7 Cheap or Free Ways to Make Your Employees Happy

Use these strategies to keep your employees engaged, increase their productivity and enhance your bottom line.
pizza party
Throwing a pizza party can help encourage employees to spend time together outside of work, as well as celebrate a team success without breaking the bank. (Photo: g-stockstudio/Shutterstock)

Happy workers take 10 times fewer sick days than their disgruntled counterparts. They spend more time working and less time worrying or stressing over personal problems while on the clock. Sharper focus and less fear of failure make them better leaders because they are more willing to take calculated risks.

So what makes employees happy? It’s not (just) money.

According to a report from Society for Human Resource Management, “respectful treatment of all employees at all levels” was the top contributor to employee satisfaction, followed by “trust between employees and senior management.”

The next six happiness factors were:

  • Benefits
  • Compensation
  • Job security
  • Relationship with immediate supervisor
  • Opportunities to use your skills and abilities in your work
  • Immediate supervisor’s respect for my ideas

Happiness and engagement go hand in hand.
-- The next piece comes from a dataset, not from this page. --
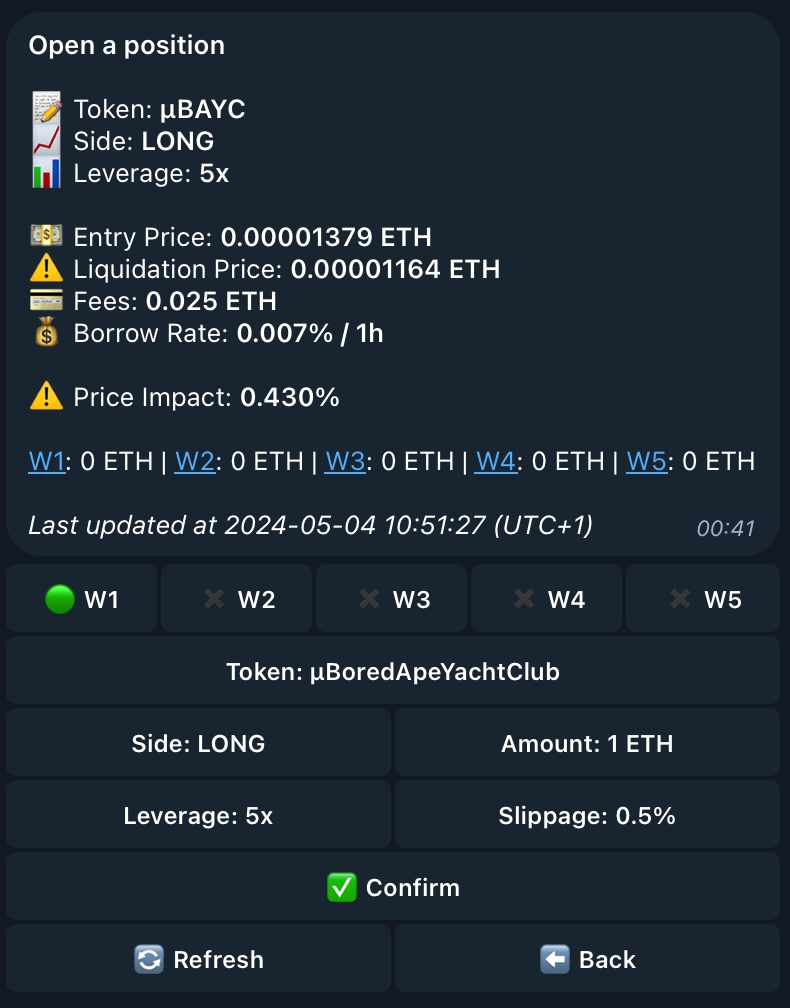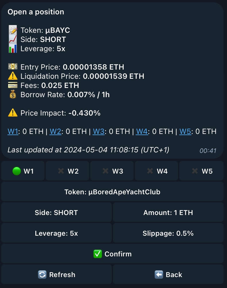 Let's dive into it! Select "Open" on the supported tradable NFT of your choice and displayed will be all the relevant information to your order, such as; the name of the tradable NFT token, order type (SHORT/LONG), leverage multiple, entry price, liquidation price, order fees, borrow rate and the price impact on the order.

Unfortunately, according to a Gallup poll, only 32 percent of U.S. employees were engaged in 2015. Gallup categorizes workers as “engaged” based on their ratings of factors that predict organizational performance, such as having a chance to do what they do best each day, having someone at work who encourages their development and believing their opinions count.

Want a happy, engaged staff? Try these free or dirt-cheap strategies.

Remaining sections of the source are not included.